Robin Fielder, Executive Vice President
Thanks, Tim. And good to hear from you. As you mentioned, obviously the anchor emitter is a key piece, but for all three of our projects, for Freeport, our Jefferson County GLO acreage, and the newly announced Riverbend CCS project in Louisiana, we want to continue to advance the pre-FEED work. Part of that is to go out and collect data necessary to file these class 6 permits. So that's part of what we talked about drilling these stratigraphic test wells, collecting some additional subsurface data to help us better characterize the reservoir to ensure that when we apply for these permits, we've got sufficient data included in that application process to push that through in a timely manner. As far as the timeline on that, as you know today, the regulatory body overseeing those class 6 CO2 injection permits is still the EPA. The state of Louisiana has filed for primacy, and we would expect to hear something hopefully later this year on that. We think the state of Texas will be not too far behind on filing for primacy as well. That will be a key piece of our timelines here. Meanwhile, again, we're working with our technical alliance on some of the wellhead and subsurface pre-FEED and advancing into feed work as we advance all three of these projects, both on the onshore stores and then, the GLO, which is in our shallow state waters.
Tim Duncan, CEO
To wrap that, we've advanced from, I think, a couple of calls ago. We have a goal of establishing store regions where we know there's a big industrial emitter addressable market. Can we partner with midstream players? You're seeing that. You're seeing the advancement the teams work so hard on. Now we have things we need to execute on, so you have seen the stratigraphic test, but we still have ambition on what else we can build out throughout the Gulf Coast from a business development standpoint. Last year was extraordinarily busy for the team, and now it's got some great leadership with Robin, and we expect this year to be equally busy, if not busier.
Subash Chandra, Analyst
Yeah. Hey, Robin, good to see you again as well. Tim, I guess the terminology on MOU versus definitive, etc. what's the moving parts there to get from one to the other?
Tim Duncan, CEO
Look, it's a good question, and it's funny. There are often when we have a mature business like what we have on the oil and gas side, and people want to say, hey, look, you announced things when they're definitive because it's so easy to get to some definitive agreement, if someone is selling an asset, none buying an asset, you'll hear about that where we're at a definitive agreement. Here, we're moving very quickly. We want to establish this business. We want people in the market to know that we're here and that we're working. We're not alone in that and that's why sometimes it makes sense to put an MOU together where we add another counterparty. For example, the agreements say, hey, look, we've got assets that we think are very interesting. We entered this lease that they compelling lease relative to the addressable emitter market, and they've got a great asset and infrastructure in their pipeline network. Why don't we collaborate to see if we can pull this together into a project that ultimately, again, reaches up by and builds a business for both of us? So that's a memorandum of understanding as we work on that together, and as we hope to pull that together, that then becomes, it works itself into a definitive agreement. But again, you need that anchor emitter that Robin alluded to. Until you get that, you've really got to work, you've got to collaborate more before you enter into a definitive agreement. It's just a different process for an evolving business than what we would have in a more mature business. Robin, you have anything additional to that?
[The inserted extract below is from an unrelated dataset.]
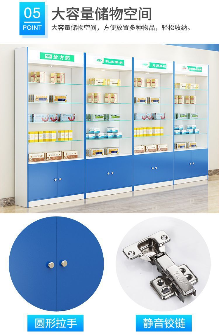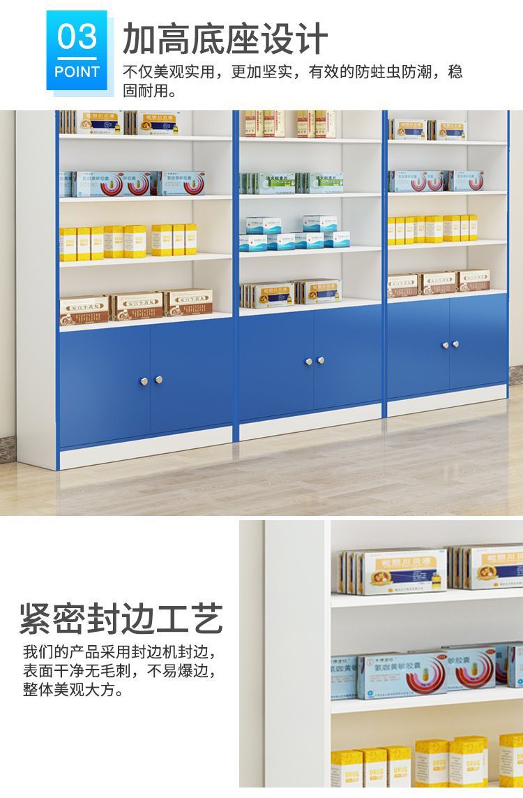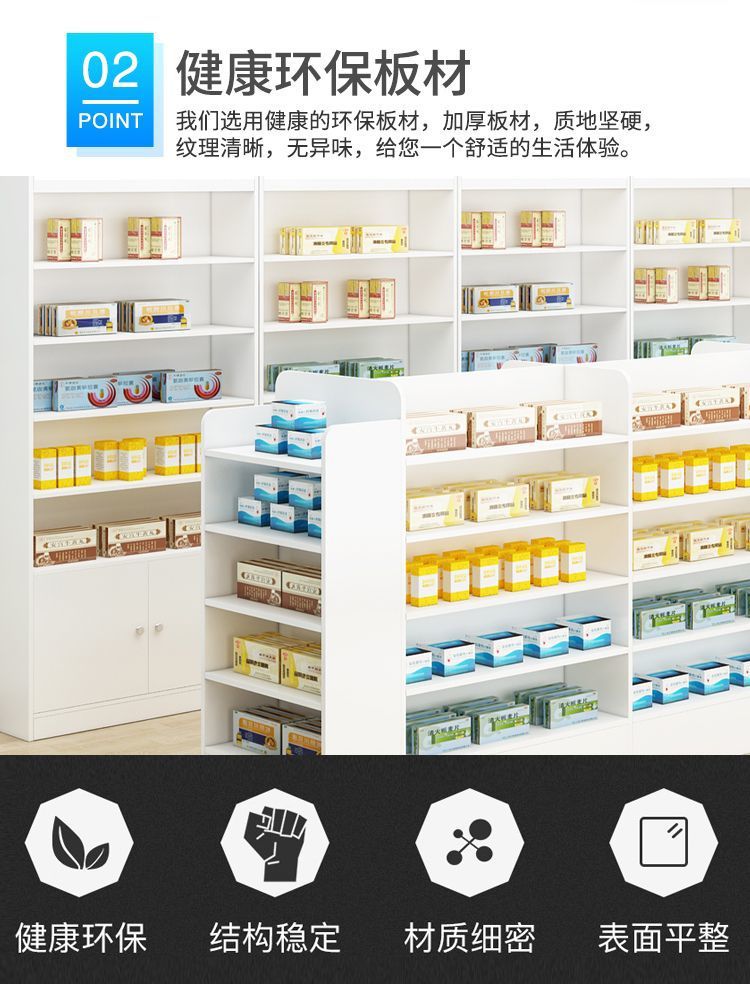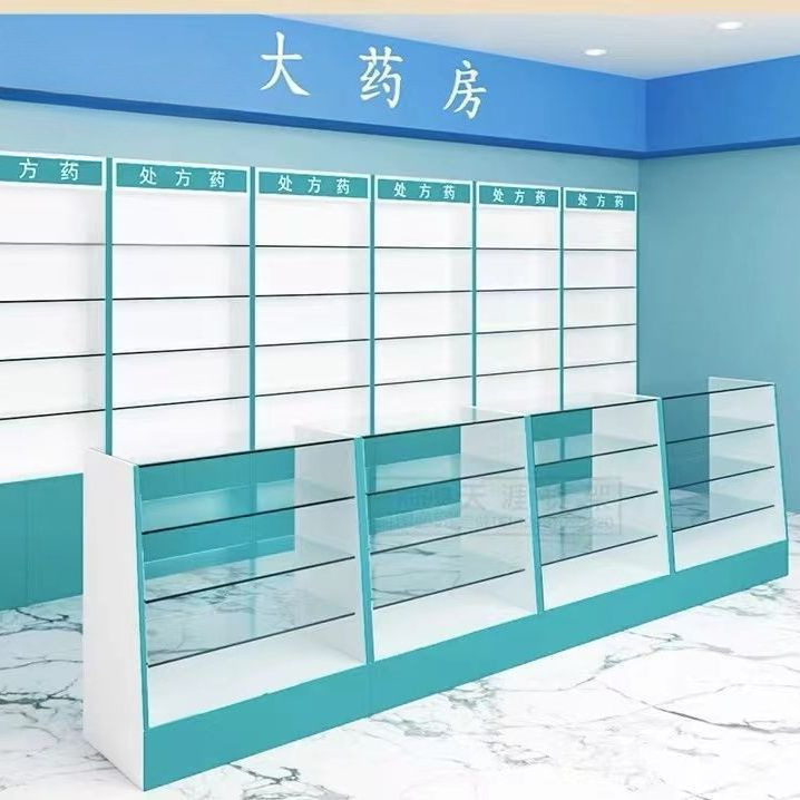 약국 선반 서양 약 캐비닛 약국 약품 디스플레이 캐비닛 디스플레이 랙 클리닉 처방 유리 카운터 디스플레이 캐비닛 나무 양면

Robin Fielder, Executive Vice President
All great comments. The only thing I'll add, as Tim was alluding to, is we're letting the market know that we now have a bundled solution in that Baton Rouge, Mississippi, River, New Orleans Corridor area.
Tim Duncan, CEO
Again, that model is going to be duplicated in other areas for the same reasons. You want to be able to look for an obvious partner, a side you're going to collaborate, but really what you're doing in that collaboration is looking for the industrial accessible and meta market that you can pull into the store you're creating.
Subash Chandra, Analyst
Okay, got it. And my follow-up, so the billion free cash flow is close to the market cap, etc., over four years it sounds like. How should we think about that? Are you going to buy back every single stock? I suppose a good amount of this that goes into future opportunities, but how do you think of that post-2025?
Tim Duncan, CEO
No, that's a great question. There are definitely some gaps here since Subash has covered most of my questions. But to put it simply, looking at this year, we generated $135 million in free cash flow. We implemented some hedges in 2020 when the pandemic began to ease, but lower oil prices led to hedge losses. If we factor those losses back into our operations as the market improves and project that over a couple of years, it's reasonable to foresee our business generating over a billion dollars by 2025 as a starting point. Now, regarding our main objective, I’ll let Shane chime in too. Ultimately, we aim to reduce our debt to one time, which was around 1.2 to 1.3 before the pandemic. That reduction kept us around 2.5 to 2.6 when prices dropped, and we are gradually working towards bringing that down again this year, aiming for one time. This is our main focus, and it should remain our priority through much of this year. Beyond that, we have ambitions to return capital to our shareholders. Shane, please continue addressing the question.
Shane Young, CFO
Yeah, happy to do that. So, look, I think it's exactly right. We went through, we were in last year 2.6, we ended this year at 1.7. So rapid deleveraging. We paid off just under $100 million of debt over the course of the year. We intend to stay the course until we get down to one time. I think our range that we put out for a period as we want to be between one and one-and-a-half times. We think we'll get there inside that range over the next quarter or two and then we intend to keep driving down below there. I think as it relates to that longer window, the Tim talks about. Look, obviously, a lot of things are around the table you mentioned, essentially M&A. I don’t know that M&A is mutually exclusive to other things because we tend to do our M&A in ways that keeps the balance sheet in good shape. But I think then that opens us up to the possibility of getting into more return of capital-type activities and taking it forward from there once we hit that 1.1 times leverage marker.
Subash Chandra, Analyst
Excellent, thanks.
Operator, Operator
Our next question comes from Michael, please go ahead.
Michael Scialla, Analyst
Good morning, everyone. Congratulations on your new position, Robin. I'm excited to work with you again. It appears that the CCS business is progressing faster than expected. You've set aside about $30 million for it this year. As you look ahead, do you believe that during this testing and pre-class six permit phase, this will be the level you anticipate for the business over the next couple of years, or do you expect it to grow more rapidly?
Tim Duncan, CEO
Well, look, I mean so there's a couple of things. I think we go back to previous calls, Michael. We've talked about this at some conferences before. We had to ask ourselves once we really started thinking about how we play into transition. We're conventional geology professionals here; it's what we know. Can we utilize that skill set? We're offshore operators; we know that. Gulf Coast operators from previous companies, and we decided to play into the CCS evolving industry. Once we put that bidding on GLO and were lucky enough to be a successful bidder, we really looked around the room and said, why aren't we trying hard across every space that we know and understand? State regulated for space, private ownership for space. Hopefully one day federally regulated for space that all can be used for purposeful sequestration. Once we built that team, we were about it. We were really working hard and that came with the point source announcement. You've seen the River Bend announcement. We've said in previous calls, and I think in even previous decks we expect to do more. And I would still say that. I think that there are plenty more opportunities to explore and develop.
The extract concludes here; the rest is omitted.